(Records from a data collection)
+++

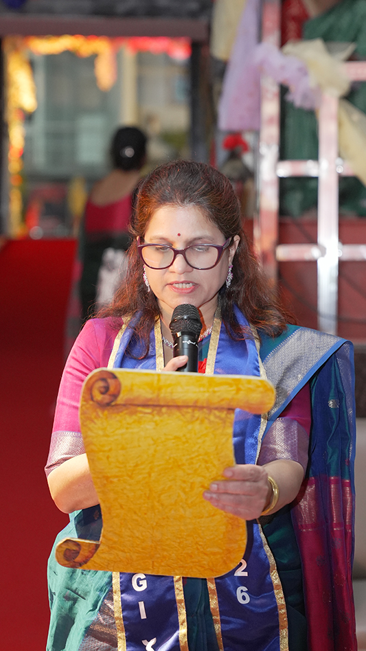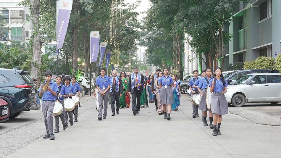 The programme commenced with the arrival of the Chief Guest, the Guest of Honour, and other distinguished dignitaries, followed by the Valedictory March, led by the Principal, the Coordinators, the Class Teachers, and the Subject Teachers, marking the ceremonial beginning of the event followed by the lighting of the ceremonial lamp, symbolising knowledge, wisdom, and enlightenment. This was followed by a melodious welcome song, setting a serene and auspicious tone for the ceremony. The Welcome Address formally greeted the gathering, after which the Chief Guest and Guest of Honour were introduced and felicitated. The Director, Madam Sunitha Prabhakar, was also felicitated in recognition of her visionary leadership and constant guidance.
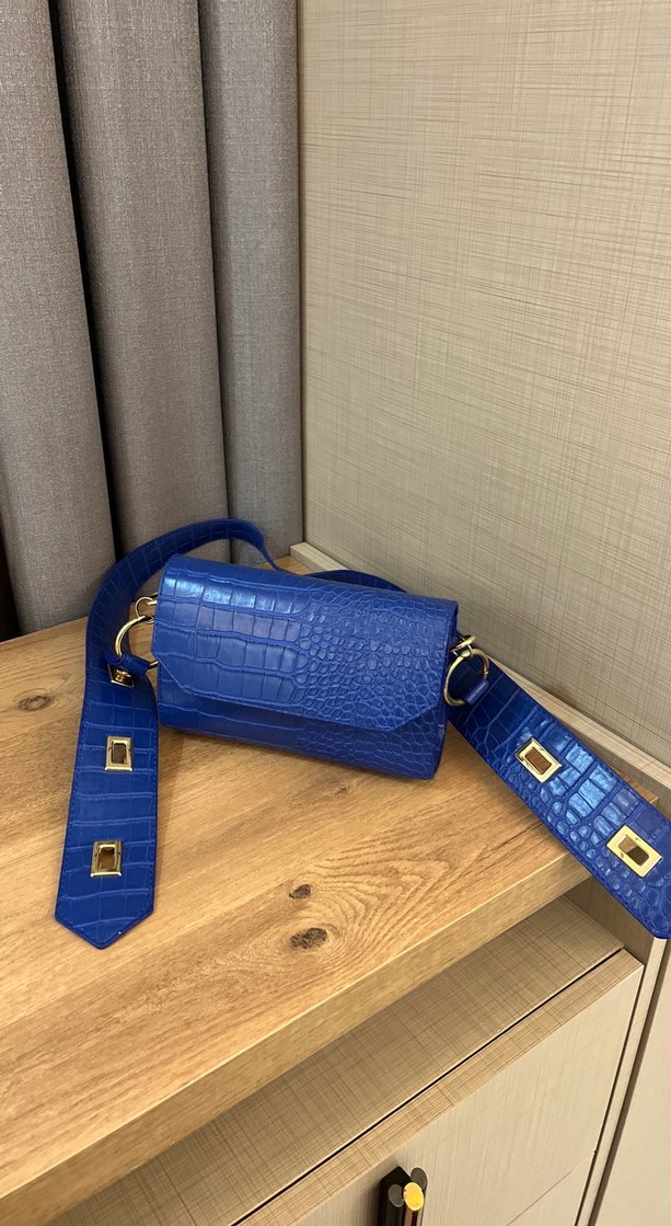 Parlak Mavi Deri Kadın Çanta
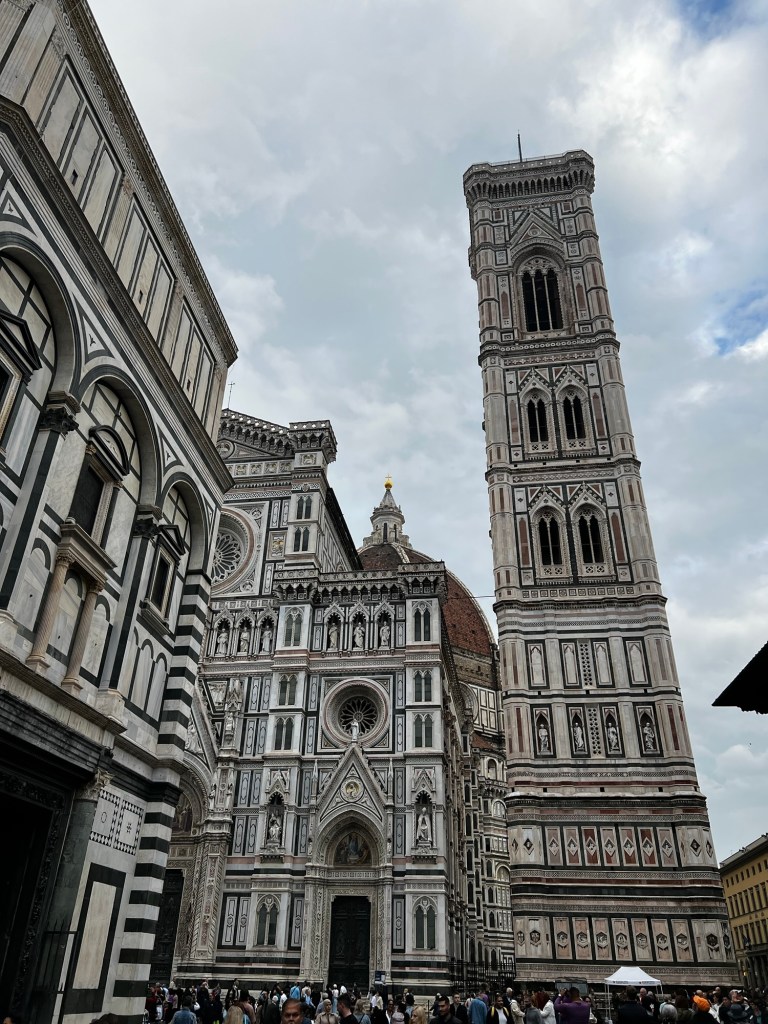 One of the highlights was Piazza del Duomo, home to the historic Santa Maria del Fiore, Brunelleschi’s Dome, and the Baptistery of San Giovanni. The dome is a marvel of engineering, built on an octagonal base—something never done before. Brunelleschi figured out how to complete it using a fishbone brick pattern for weight distribution and designing two domes, one inside the other with a hollow space between them. We’ll be walking up to the top of the dome tomorrow, so stay tuned!
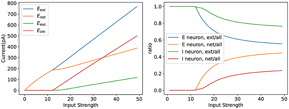 Figure 9. Validation of parameter rationality. The figure on the left illustrates the variation of the network current as the input strength varies. The figure on the right shows the internal network current versus the external input current as a percentage of the total network current.
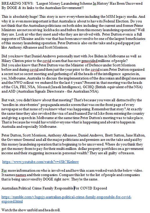 Disclaimer – The following is not intended as legal, financial, or medical advice; it is sent for Education and Discussion Purposes Only. All items are the opinion of the authors. Thank you all for your support to maintain the operation of this site and welcome to many new subscribers daily. It costs $400 per month to run this site. To enable this site to remain active, (there is a mountain of resources in Categories) > Direct Deposit Larry Hannigan Bendigo Bank – BSB: 633000 Acct: 188279434 – or – Paypal – PayPal.Me/LarryHannigan – Special thanks to anonymous donors
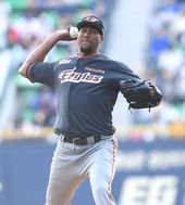 김태균 삼진 잡아내고 기뻐하는 유희관
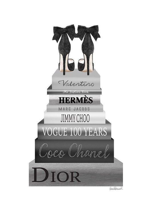 Grey Book Stack Shoe White Modern Wood Framed Art Print with Double Matting by Greenwood, Amanda
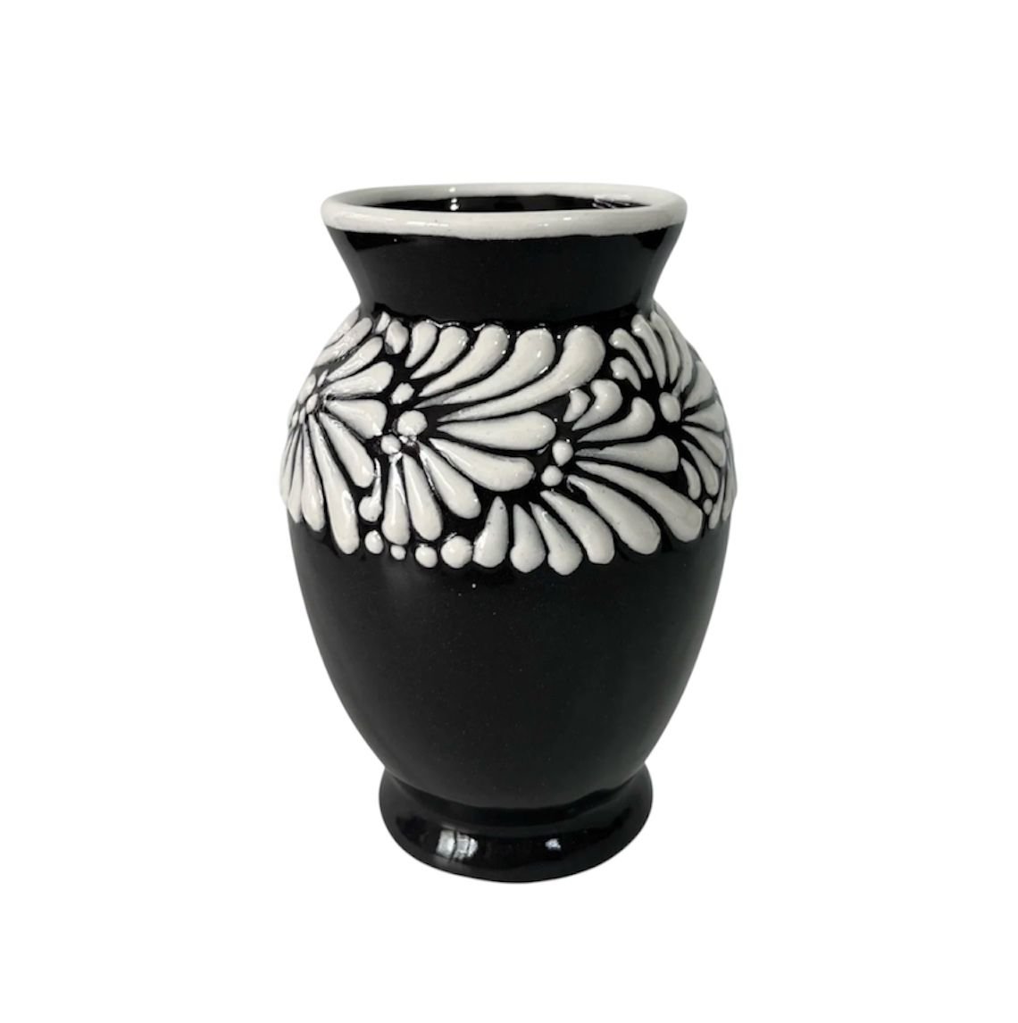 Florero Jarron Chico Fondo Negro Con Blanco Mik
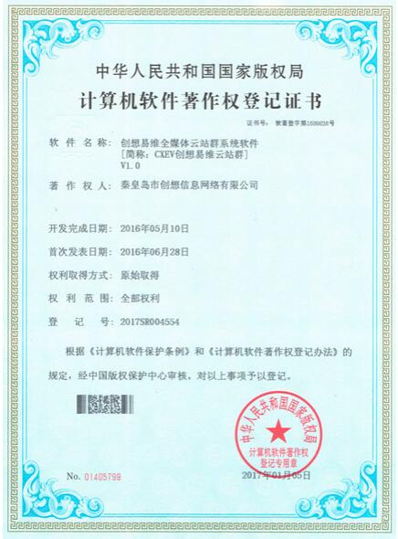 創(chuàng)想易維全媒體云站群系統(tǒng)軟件著作權(quán)證書日前正式獲得國家版權(quán)局批準(zhǔn),創(chuàng)想公司在云平臺(tái)、智慧型、大數(shù)據(jù)應(yīng)用的自主產(chǎn)品研發(fā)的道路上將奮勇前進(jìn),越飛越高。

+++

> _Task instructions_
From the line holding "Grey Book Stack" down to the final line of the entries above, print every line exactly. Pictures do not go in.

> _Result for this exercise_
 Grey Book Stack Shoe White Modern Wood Framed Art Print with Double Matting by Greenwood, Amanda
 Florero Jarron Chico Fondo Negro Con Blanco Mik
 創(chuàng)想易維全媒體云站群系統(tǒng)軟件著作權(quán)證書日前正式獲得國家版權(quán)局批準(zhǔn),創(chuàng)想公司在云平臺(tái)、智慧型、大數(shù)據(jù)應(yīng)用的自主產(chǎn)品研發(fā)的道路上將奮勇前進(jìn),越飛越高。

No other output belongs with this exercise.